**WORK TO COMPLETE**
Don't include pictures. Quote the lines below from the first through the line that contains "书袋课桌收纳学生书桌挂书袋多".

**DATASET SECTION**
▼
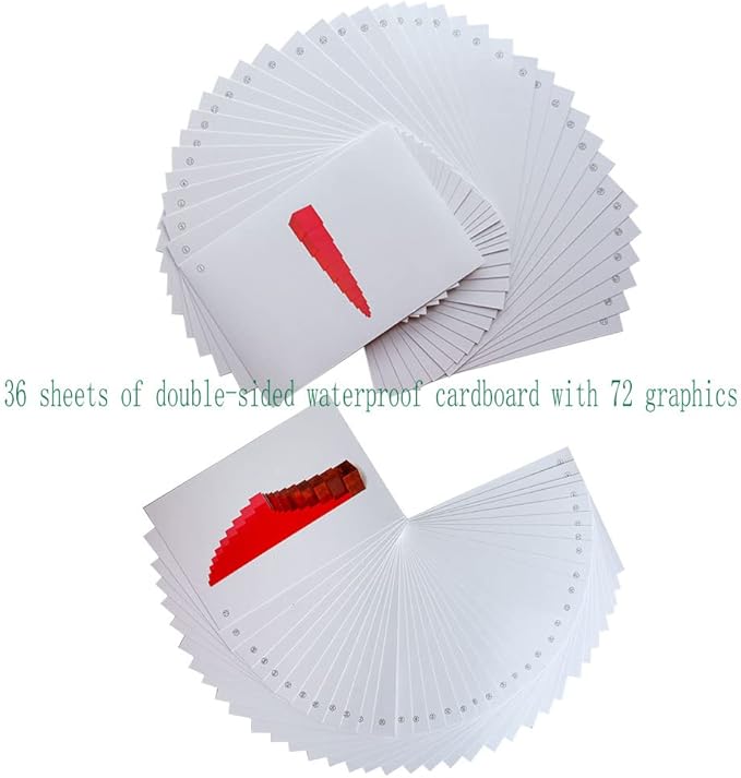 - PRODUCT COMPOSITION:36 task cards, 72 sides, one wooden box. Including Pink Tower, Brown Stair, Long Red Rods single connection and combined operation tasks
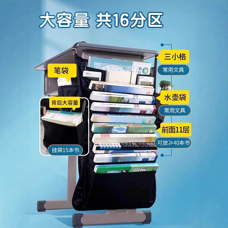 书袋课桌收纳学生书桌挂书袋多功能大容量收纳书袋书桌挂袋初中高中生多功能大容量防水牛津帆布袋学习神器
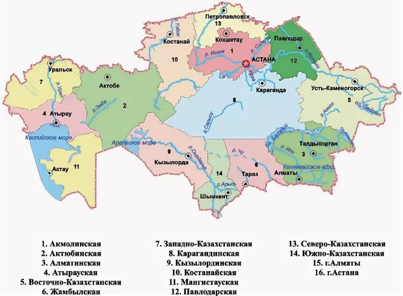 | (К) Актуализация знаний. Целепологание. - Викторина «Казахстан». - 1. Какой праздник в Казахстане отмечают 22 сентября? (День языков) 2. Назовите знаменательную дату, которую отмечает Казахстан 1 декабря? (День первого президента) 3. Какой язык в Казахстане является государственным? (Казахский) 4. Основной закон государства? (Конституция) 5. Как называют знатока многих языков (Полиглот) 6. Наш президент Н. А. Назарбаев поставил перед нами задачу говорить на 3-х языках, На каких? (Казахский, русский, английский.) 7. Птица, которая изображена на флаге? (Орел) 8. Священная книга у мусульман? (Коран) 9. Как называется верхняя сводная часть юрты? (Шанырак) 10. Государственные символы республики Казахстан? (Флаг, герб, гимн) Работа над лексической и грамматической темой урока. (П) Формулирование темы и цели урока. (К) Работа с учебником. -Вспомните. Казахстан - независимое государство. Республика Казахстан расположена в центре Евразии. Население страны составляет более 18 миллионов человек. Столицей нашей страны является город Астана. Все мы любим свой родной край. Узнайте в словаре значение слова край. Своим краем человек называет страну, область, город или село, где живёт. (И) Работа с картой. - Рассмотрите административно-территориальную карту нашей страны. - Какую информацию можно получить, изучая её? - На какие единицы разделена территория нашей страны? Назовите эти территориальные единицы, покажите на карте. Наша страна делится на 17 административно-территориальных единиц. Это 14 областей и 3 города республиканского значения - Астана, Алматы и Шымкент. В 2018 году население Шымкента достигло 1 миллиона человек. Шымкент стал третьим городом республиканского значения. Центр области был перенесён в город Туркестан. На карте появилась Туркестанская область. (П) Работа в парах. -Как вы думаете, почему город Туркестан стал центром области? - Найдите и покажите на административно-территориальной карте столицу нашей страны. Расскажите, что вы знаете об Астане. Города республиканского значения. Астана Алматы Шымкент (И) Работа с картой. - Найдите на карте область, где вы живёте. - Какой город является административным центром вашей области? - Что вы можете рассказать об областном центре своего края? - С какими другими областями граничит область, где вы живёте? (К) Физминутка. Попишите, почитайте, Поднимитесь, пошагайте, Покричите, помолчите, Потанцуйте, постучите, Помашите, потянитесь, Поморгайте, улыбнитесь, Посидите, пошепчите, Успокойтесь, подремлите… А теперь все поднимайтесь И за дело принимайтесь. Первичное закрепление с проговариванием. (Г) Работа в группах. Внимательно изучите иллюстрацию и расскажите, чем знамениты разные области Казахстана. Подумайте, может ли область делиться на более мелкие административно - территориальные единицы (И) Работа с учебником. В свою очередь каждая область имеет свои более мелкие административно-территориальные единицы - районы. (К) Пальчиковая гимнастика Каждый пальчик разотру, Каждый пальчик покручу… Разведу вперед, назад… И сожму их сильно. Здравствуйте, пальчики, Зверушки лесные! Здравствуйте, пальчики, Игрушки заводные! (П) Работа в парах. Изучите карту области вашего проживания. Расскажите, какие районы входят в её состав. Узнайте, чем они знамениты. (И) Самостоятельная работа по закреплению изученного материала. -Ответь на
▲
**RESPONSE BELOW**
 - PRODUCT COMPOSITION:36 task cards, 72 sides, one wooden box. Including Pink Tower, Brown Stair, Long Red Rods single connection and combined operation tasks
 书袋课桌收纳学生书桌挂书袋多功能大容量收纳书袋书桌挂袋初中高中生多功能大容量防水牛津帆布袋学习神器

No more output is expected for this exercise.